File metadata and controls

99 lines (81 loc) · 4.49 KB

Mothur_oligo_batch

This repository was created by Ruben Props to run both mothur and oligotyping via a batch script on the University of Michigan HPC Flux system on 16S rRNA fastq files produced by Illumina MiSeq sequencing.

To Run the batch script (Mothur.batch.taxass), please follow the directions below.
01/26/2017 -- Added Mothur.batch.general and make_phyloseq_general for general classification with SILVA

1. Sign into the University of Michigan Flux system.

2. Navigate to your scratch folder.

3. Install Oligotyping software in your local directory

module load python-anaconda2/201607
pip install --user oligotyping

To check to make sure that the path to the oligotyping package is correct, try using a command from the oligotyping module:

oligotype -h

If the output brings up the manual for the oligotype command, you have successfully installed the oligotyping software!

If the ouput says "-bash: oligotype: command not found", then it is possible that your path to the oligotyping package is incorrect. Therefore, we need to fix our path. To do so we will edit the .bash_profile file in our home directory. Therefore, you will need to fix your path by typing the following in your current directory:

cd 	#This will take you to your *home* directory
ls -a 	#Show all files in your home directory, including hidden ones (like your .bash_profile file!)

Then under the line that includes "PATH=$PATH:$HOME/bin" that you have the following:

export PATH=/home/your_unique_name/.local/bin:/:$PATH  # Be sure to change "rprops" to YOUR USER NAME!

If you do not have the above line, please edit it with nano:

nano .bash_profile

4. Load mothur, R, and ncbi-blast.

module load mothur R ncbi-blast

For the TaxAss script make sure you have the dplyr and reshape R packages installed in your local R version.

R # open R
install.packages(c("dplyr", "reshape","splitstackshape","data.table", "gtools")) # install the packages
source("https://bioconductor.org/biocLite.R")
biocLite("phyloseq") 
quit() # exit R

5. Copy the mothur.batch.taxass file into your the folder with the fastq files.

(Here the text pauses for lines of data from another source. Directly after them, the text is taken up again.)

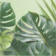 Monstera und Palmen Blätter auf hellgrünem Hintergrund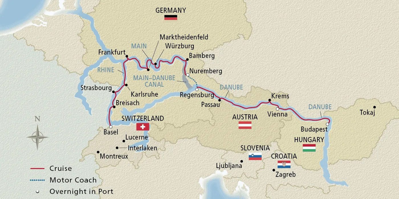 Sail along the Main and Rhine to see Basel, often regarded as Switzerland’s cultural capital, and sample the distinctive flavors of the Alsace region. Discover Frankfurt, a high-powered business hub, and visit the historic towns of Bavaria and Baden-Württemberg. See Salzburg, explore Göttweig Abbey and make dumplings with Wachau Valley apricots. Celebrate the musical heritage of Vienna and experience the healing qualities of Budapest’s thermal baths.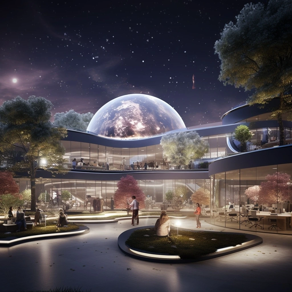 우주 테마의 혁신적인 오피스 파크: 우주 탐사 테마의 오피스 파크를 디자인합니다. 돔 모양의 건물, 별빛 효과의 조명, 우주에 관한 상호작용적 전시물을 포함합니다. 이 공간은 경이로움과 미래 지향적인 마인드셋을 일깨워줍니다.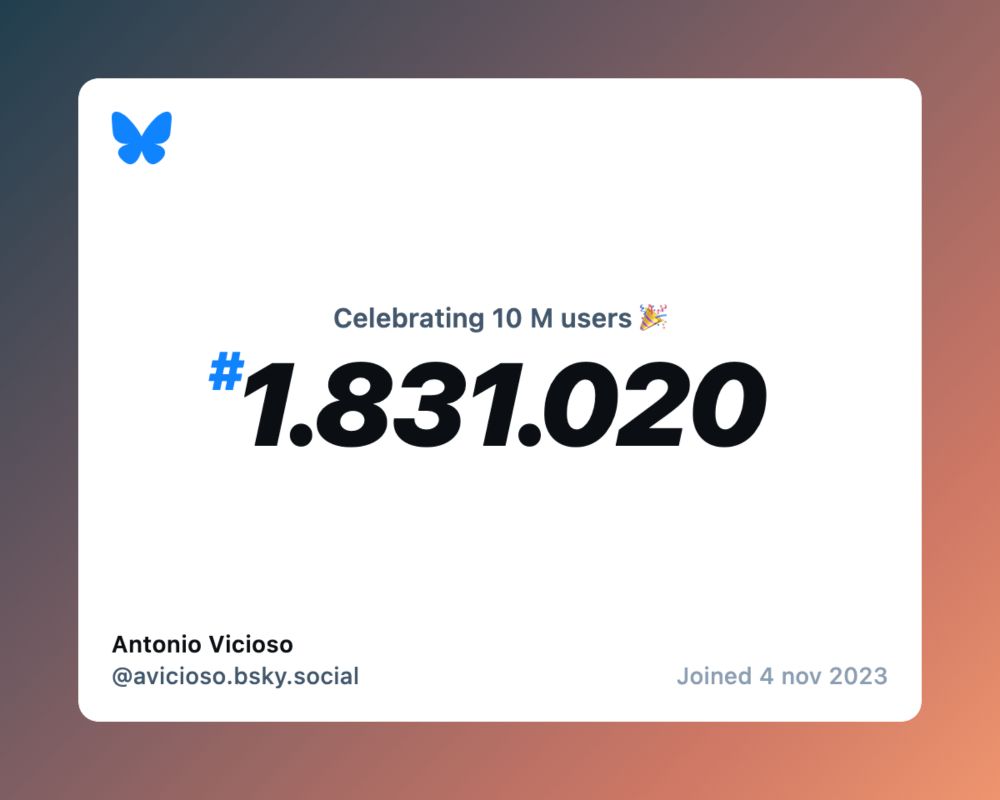 Bluesky now has over 10 million users, and I was #1.831.020!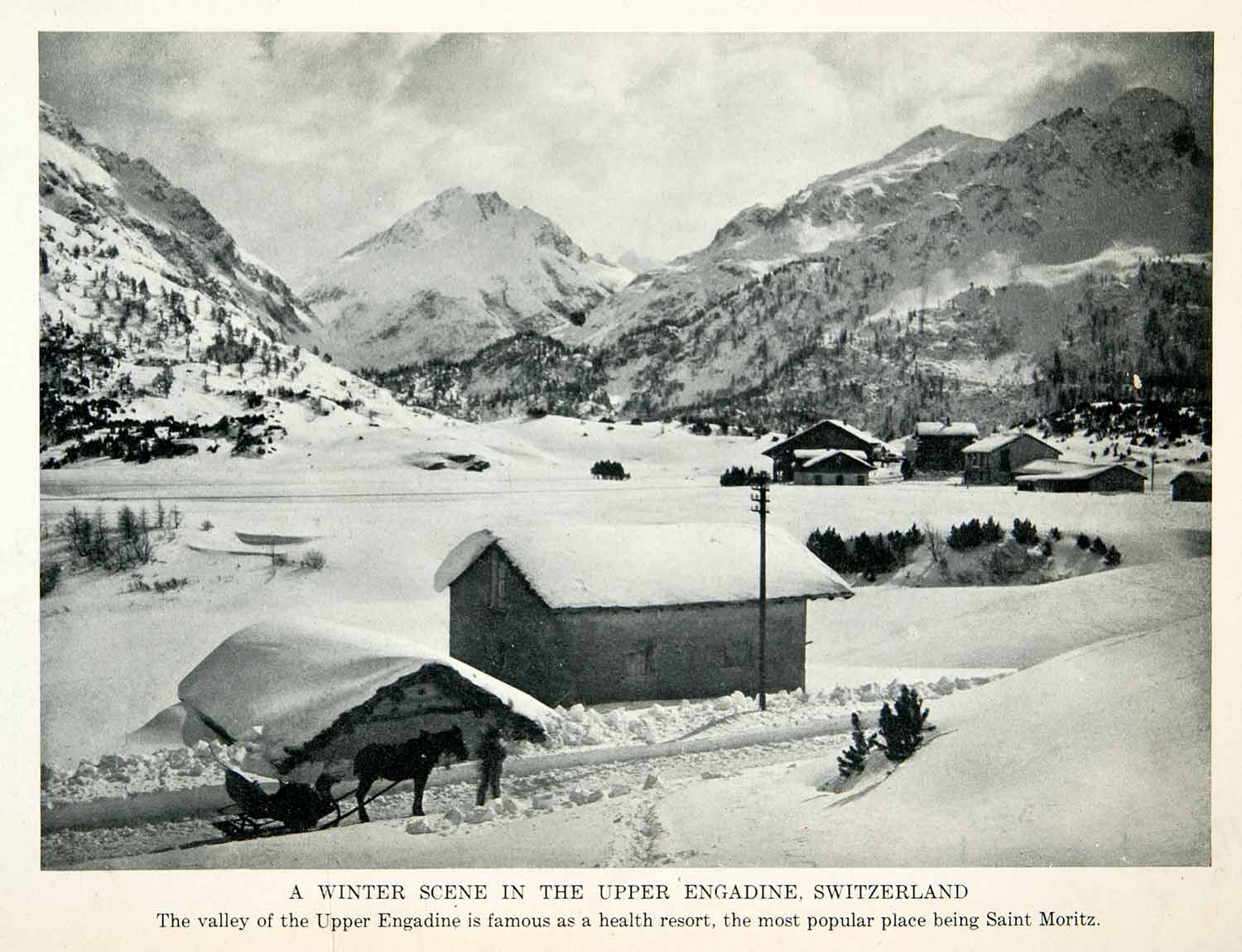 This is an original 1912 black and white halftone print of "A Winter Scene in the Upper Engadine, in Switzerland."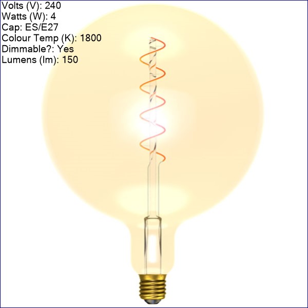B60023 | BELL 4W LED Vintage Soft Coil 200mm Globe Dimmable – ES, Amber, 1800K
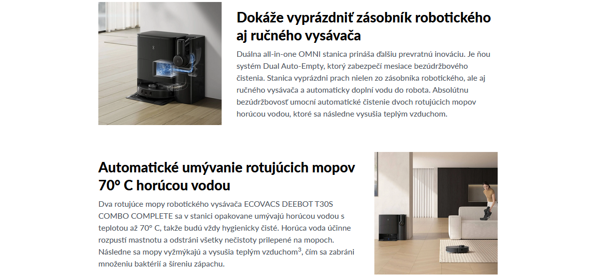 - Duálna all-in-one OMNI stanica umýva rotujúce mopy 70° C vodou, vyžmýka ich a vysuší teplým vzduchom. Zároveň automaticky vyprázdni prach zo zásobníka ručného/tyčového a robotického vysávača, ktorému zároveň doplní vodu.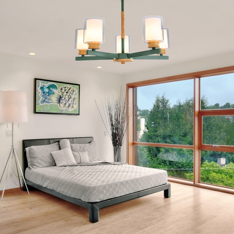 Macaron Cylinder Chandelier Pendant Light - 3/5/6 Lights - Pink/Yellow/Green - Living Room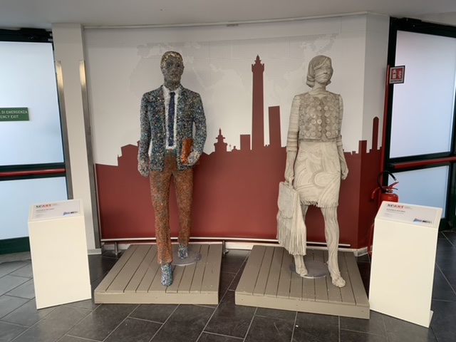Ogni statua, in particolare, è composta al 100% da materiali di scarto come filamenti di pelle, cartone, cinture di sicurezza, confezioni di piselli surgelati, sfridi di tessuto, vetro, legno e scaglie di plastica riciclata. Le opere esposte rappresentano un <catalogo= delle tipologie più diffuse di passeggeri e al tempo stesso sono un omaggio alla cultura dell’economia circolare, che sa valorizzare quanto già realizzato, per proiettarlo nel futuro.

6. Make sure the sample names of your fastq files are correct. Mothur does not accept: ':', '-' or '/' !

If you have to rename your files, you can run the following line of code:

find /scratch/vdenef_fluxm/your_unique_name/path_to_fastq_files -type f -exec rename '-' '' {} \;

The above code will remove "-" from your sample names. You may have to run rerun this several times if you have multiple "-" in your sample names.

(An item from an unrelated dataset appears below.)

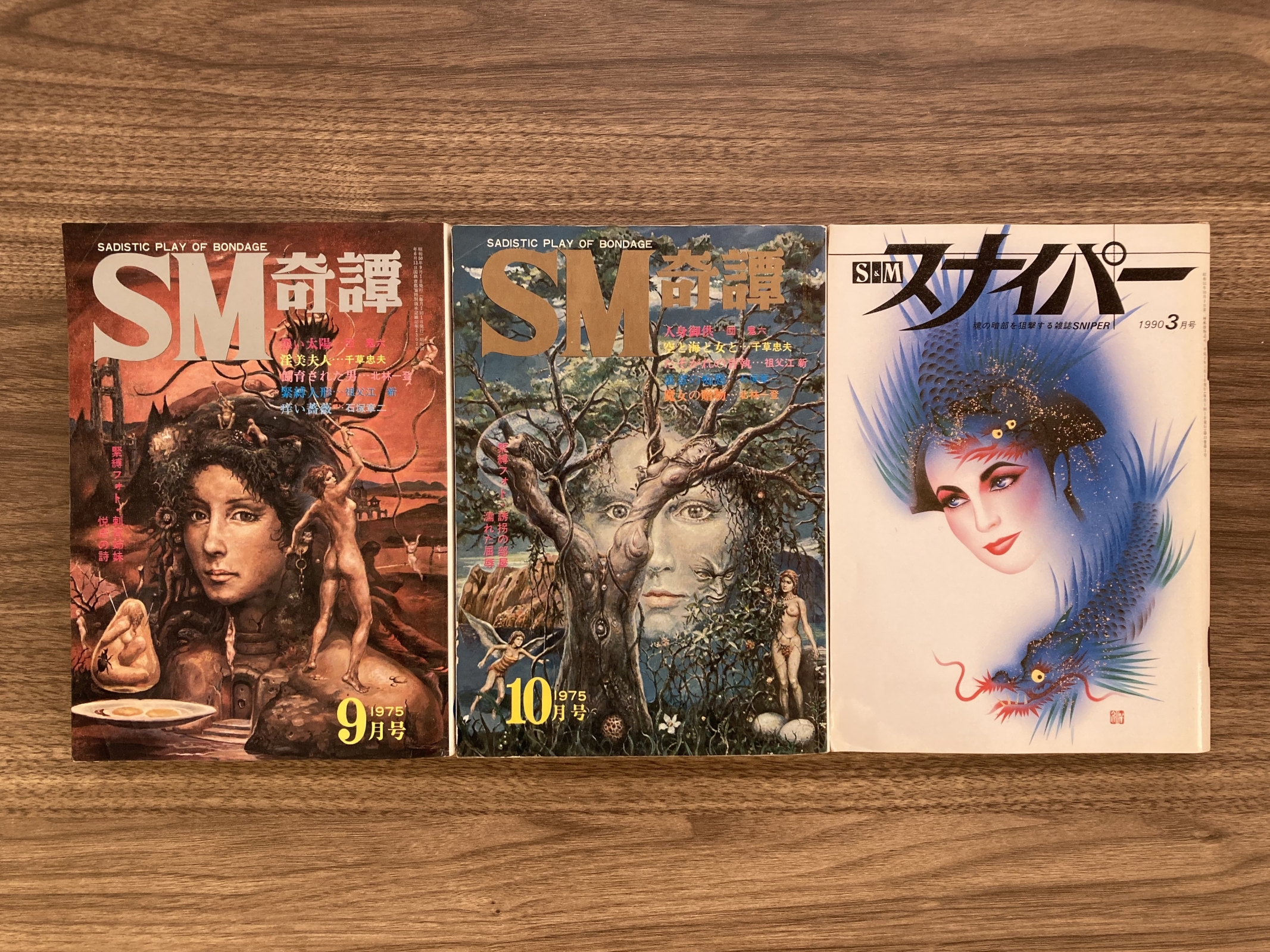 SM奇譚(今の所2冊)は、ジャケ買いである [^.^]。この時期の同誌の表紙絵は秋吉巒(あきよしらん、Wikipedia、画像検索結果、幻想美術選)で、少なくともこの2点は彼の画集にも収録されていない。同誌の古書価は廉くなく、片端から買い集めるという訳にもいかないのが、悩みどころである。

7. To select for a taxon of interest to perform oligotyping analysis on, run the following code:

If you want to oligotype everything do not run this.

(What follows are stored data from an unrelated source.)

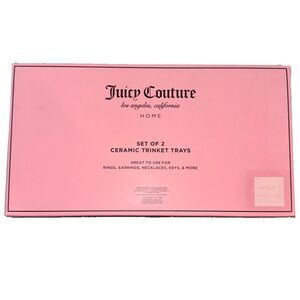 cute set of ceramic dishes perfect for keeping jewelry, keys, or any small items. One tray is heart shaped with the Juicy logo in gold and the other tray is in the shape of 2 red cherries. BRAND NEW, never been used, and in original packaging. Offers welcome!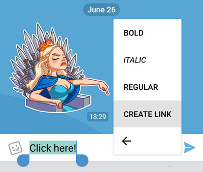 Use the “create link” option in the formatting menu to make text URLs: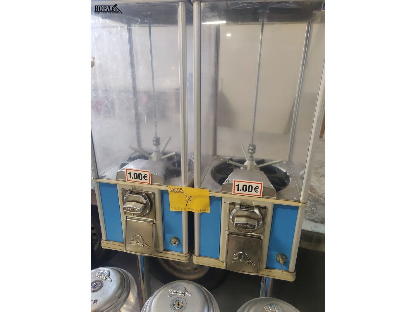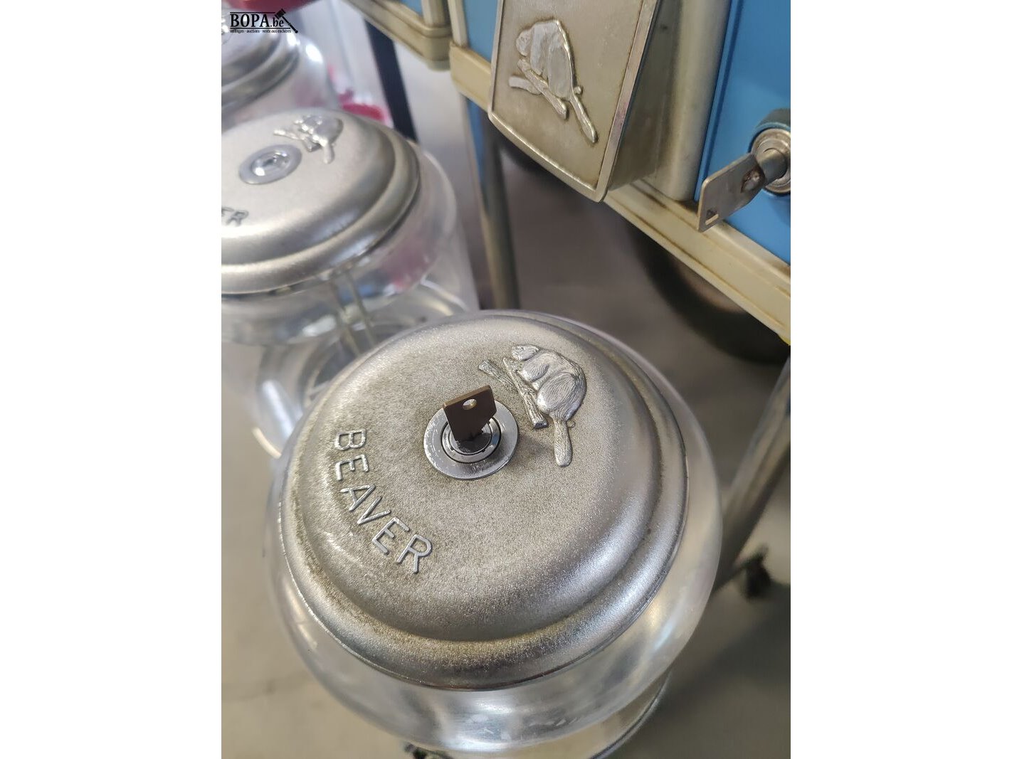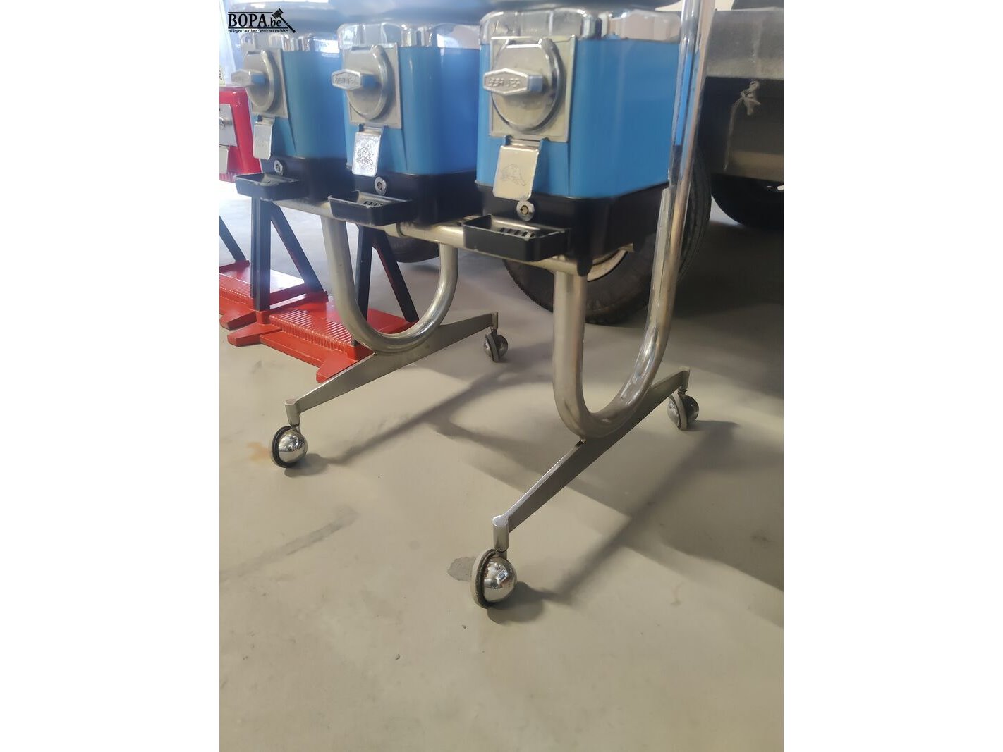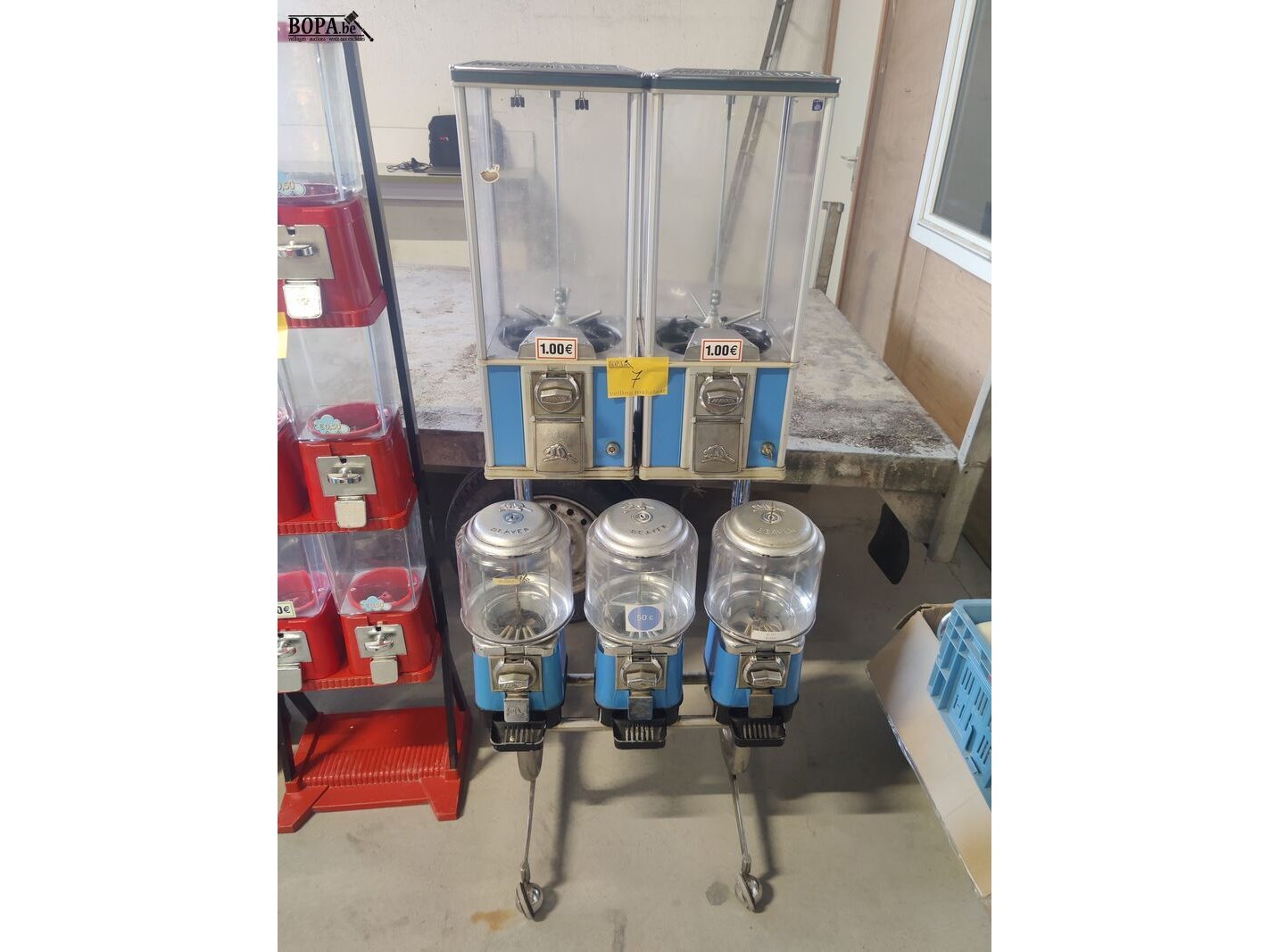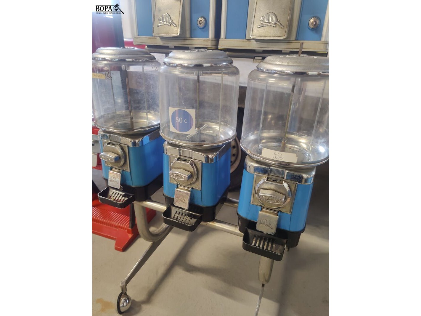 Blauwe Beaver automaat, verrolbare opstelling met 3 rode en twee rechte automaten. Werkend op 1 € en 50 cent.

Replace Bacteria;Proteobacteria;Betaproteobacteria;Burkholderiales;betI;betI_A with your taxon of interest.

sed -i "s/Bacteria/Bacteria;Proteobacteria;Betaproteobacteria;Burkholderiales;betI;betI_A/g" mothur.batch.taxass

8. Make stability file (file with sample names and corresponding fastq files for that sample).

Should you get an error during make.contigs then check if the _R1_ and _R2_ pattern does not occur in the sample name.

paste <(ls *_R1_*.fastq | awk -F"_" '{print $1}') <(ls *_R1_*.fastq) <(ls *_R2_*.fastq) > stability.file

You can remove hidden characters (often caused by editing in windows) as follows:

dos2unix mothur.batch.taxass
dos2unix mothur.batch.taxass.pbs

9. You're ready to go! Option A: Run the mothur.batch.taxass or option B: submit a job to flux with the mothur.batch.taxass.pbs.

mothur mothur.batch.taxass  #Option A
 # OR
qsub mothur.batch.taxass.pbs  #Option B

Optional step 10: Create a phyloseq object with the make_phyloseq.R script.

Rscript make_phyloseq.R mothur.shared mothur.cons.taxonomy ./stability-m0.10-A0-M0-d4/MATRIX-COUNT.txt ./stability-m0.10-A0-M0-d4/oligo.taxonomy

There are 4 inputs in the above code:

  1. mothur shared file
  2. mothur cons.taxonomy file
  3. oligotyping shared file
  4. oligotyping tax file

You can specify the full path (as above for the oligotyping data which was located in a different folder) or you may write the file names if you are in the same working directory.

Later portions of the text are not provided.